### Data entries
::::::::
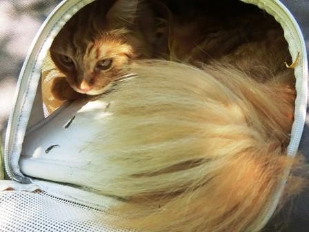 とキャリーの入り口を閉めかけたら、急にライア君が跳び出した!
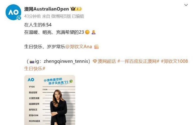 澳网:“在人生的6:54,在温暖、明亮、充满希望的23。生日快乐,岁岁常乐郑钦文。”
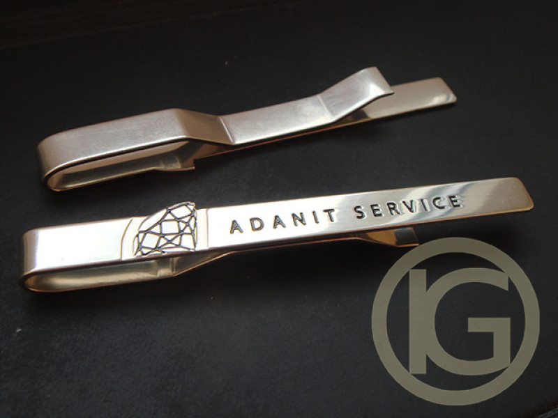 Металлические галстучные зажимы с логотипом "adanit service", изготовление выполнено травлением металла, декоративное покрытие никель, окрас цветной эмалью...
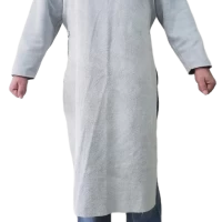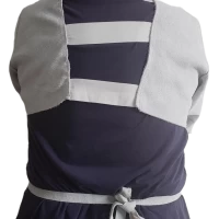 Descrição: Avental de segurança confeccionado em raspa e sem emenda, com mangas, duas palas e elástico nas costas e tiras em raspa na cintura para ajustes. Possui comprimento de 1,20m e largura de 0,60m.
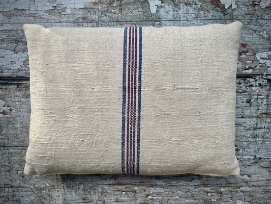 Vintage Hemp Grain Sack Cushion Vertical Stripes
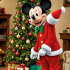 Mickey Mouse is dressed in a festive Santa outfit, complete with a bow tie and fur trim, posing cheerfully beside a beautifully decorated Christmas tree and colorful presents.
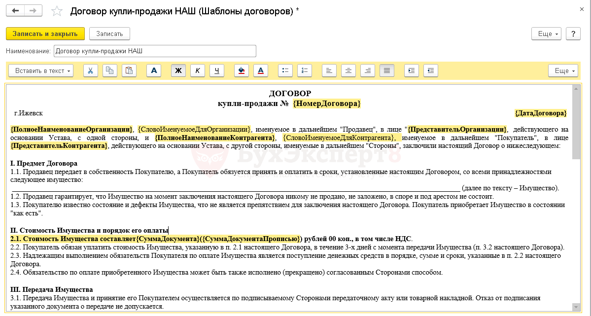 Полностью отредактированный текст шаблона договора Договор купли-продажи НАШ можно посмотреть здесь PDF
::::::::
### Exercise
What is wanted is a word-for-word restatement of the entries, without their images.

### Solution to this exercise
 とキャリーの入り口を閉めかけたら、急にライア君が跳び出した!
 澳网:“在人生的6:54,在温暖、明亮、充满希望的23。生日快乐,岁岁常乐郑钦文。”
 Металлические галстучные зажимы с логотипом "adanit service", изготовление выполнено травлением металла, декоративное покрытие никель, окрас цветной эмалью...
 Descrição: Avental de segurança confeccionado em raspa e sem emenda, com mangas, duas palas e elástico nas costas e tiras em raspa na cintura para ajustes. Possui comprimento de 1,20m e largura de 0,60m.
 Vintage Hemp Grain Sack Cushion Vertical Stripes
 Mickey Mouse is dressed in a festive Santa outfit, complete with a bow tie and fur trim, posing cheerfully beside a beautifully decorated Christmas tree and colorful presents.
 Полностью отредактированный текст шаблона договора Договор купли-продажи НАШ можно посмотреть здесь PDF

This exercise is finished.